Elon Musk et OpenAI : un combat judiciaire à 130 milliards de dollars
Un affrontement titanesque secoue la Silicon Valley. Le milliardaire entrepreneur traîne devant la justice l’organisation qu’il a lui-même contribué à créer, accusant ses anciens partenaires d’avoir trahi la vision originelle du projet. Au cœur du litige : une transformation radicale qui aurait métamorphosé un laboratoire philanthropique en machine commerciale.
Un contentieux à plusieurs dizaines de milliards de dollars
Le tribunal d’Oakland, en Californie, accueille depuis le 28 avril 2026 un procès hors norme. Elon Musk poursuit OpenAI, ses cofondateurs Sam Altman et Greg Brockman, ainsi que le géant Microsoft pour une somme colossale.
Le fondateur de Tesla exige 130 milliards de dollars de dommages et intérêts. Mais ses demandes vont bien au-delà de l’aspect financier : il souhaite qu’OpenAI retrouve son statut d’organisation à but non lucratif et réclame le départ de ses dirigeants actuels.
Les origines tumultueuses d’OpenAI
L’histoire débute en 2015, dans un contexte particulier. La création d’OpenAI découle d’un désaccord entre Musk et Larry Page, fondateur de Google. Ce dernier aurait qualifié l’entrepreneur de « spéciste » lors d’une altercation.
Le projet initial visait à établir un laboratoire non commercial dédié au développement d’une intelligence artificielle responsable et sécurisée. Une mission philanthropique qui aurait motivé l’investissement initial de Musk.
Une transformation contestée
Selon le plaignant, OpenAI aurait progressivement abandonné ses principes fondateurs. L’organisation serait passée d’une structure philanthropique à une entreprise lucrative, attirant des investissements considérables de la part de Microsoft.
Le succès retentissant de ChatGPT aurait précipité ce basculement. La technologie développée serait désormais verrouillée, loin de l’accessibilité universelle promise à l’origine. Musk affirme qu’il n’aurait jamais participé financièrement s’il avait anticipé cette évolution.
La contre-attaque d’OpenAI et de ses alliés
La défense ne reste pas inactive face à ces accusations. William Savitt, représentant OpenAI, présente une version radicalement différente des événements.
Selon lui, Musk aurait participé activement aux discussions concernant la transformation en structure commerciale. Le départ du milliardaire résulterait d’un échec dans une lutte de pouvoir interne, et non d’un désaccord de principe.
xAI, la riposte entrepreneuriale
La défense souligne que Musk a rapidement lancé xAI après avoir quitté OpenAI. Cette nouvelle entreprise concurrente dans le domaine de l’intelligence artificielle témoignerait davantage d’une rivalité commerciale que d’une préoccupation éthique.
L’avocat insiste : les équipes actuelles d’OpenAI ont prospéré indépendamment de l’influence de leur ancien partenaire.
Un procès sous haute tension
L’atmosphère dans la salle d’audience reflète l’intensité du conflit.
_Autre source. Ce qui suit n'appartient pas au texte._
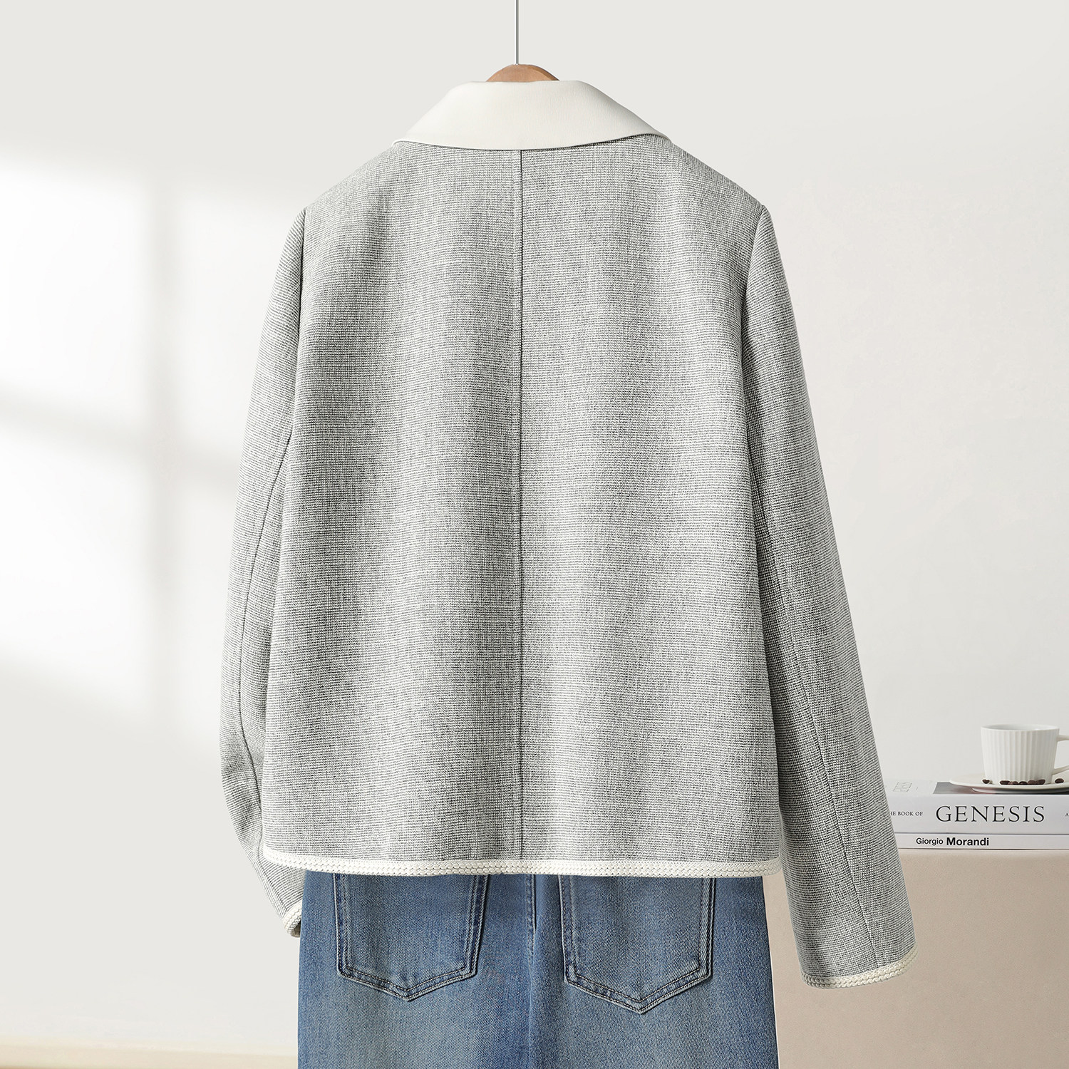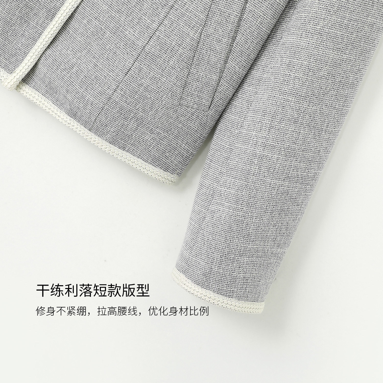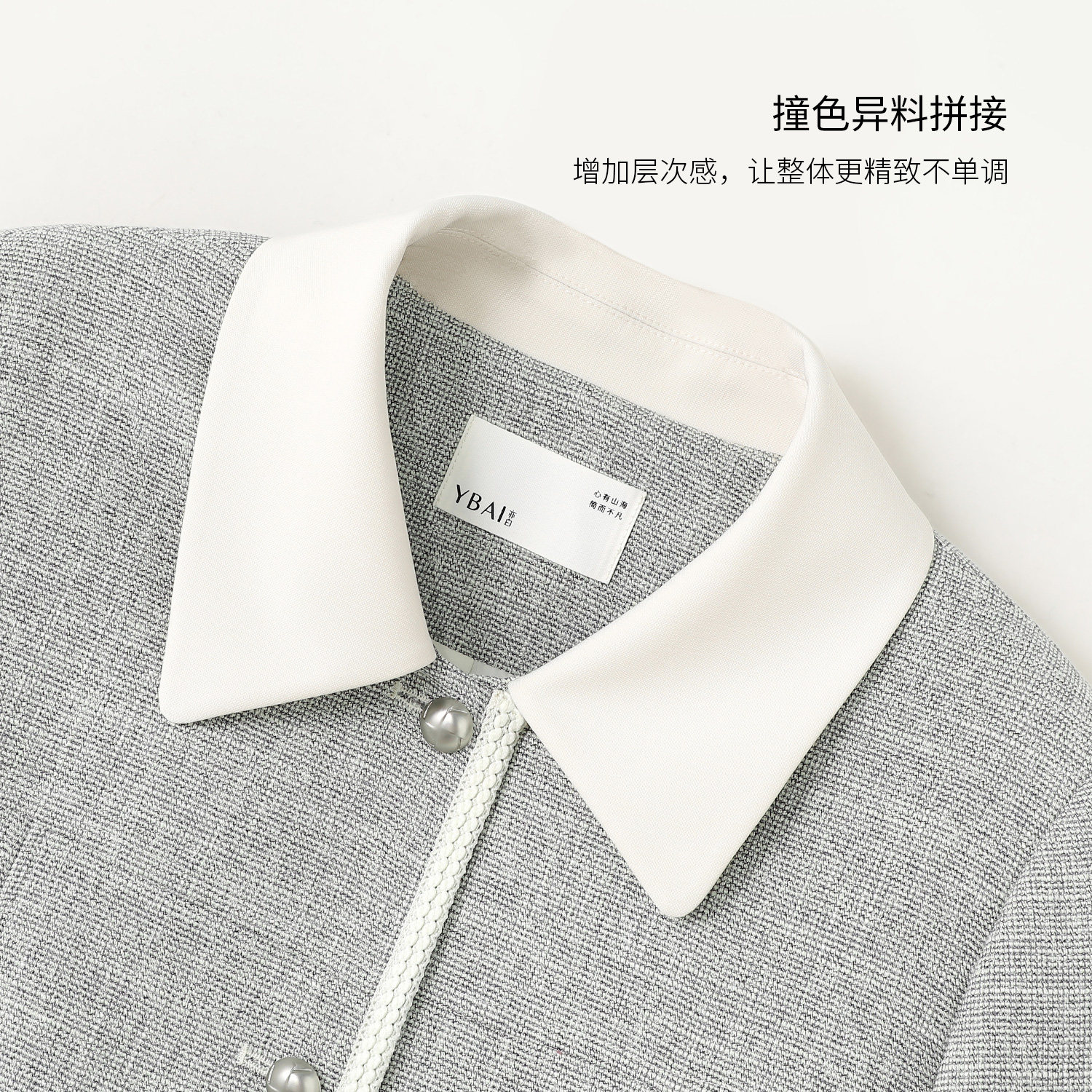 时尚 YBAI 新款 26春季 百搭气质花纱纹理拼接撞色小香风外套女 亦白

La magistrate présidant le procès a dû recadrer le comportement de Musk concernant ses interventions publiques.
L’entrepreneur a été critiqué pour avoir publié des commentaires sur X (anciennement Twitter) au sujet de l’affaire en cours. La juge l’a menacé d’une interdiction de communiquer si de telles pratiques se répétaient.
Des conséquences potentiellement massives
Ce procès, prévu pour s’étendre sur quatre semaines, pourrait bouleverser l’écosystème de l’intelligence artificielle. OpenAI envisageait une introduction en Bourse cette année, un projet désormais menacé par l’incertitude juridique.
L’interrogatoire de Musk devait se poursuivre le mercredi suivant la séance du 28 avril. L’issue de ce litige déterminera non seulement l’avenir d’OpenAI, mais pourrait établir un précédent juridique concernant la transformation des organisations technologiques à but non lucratif.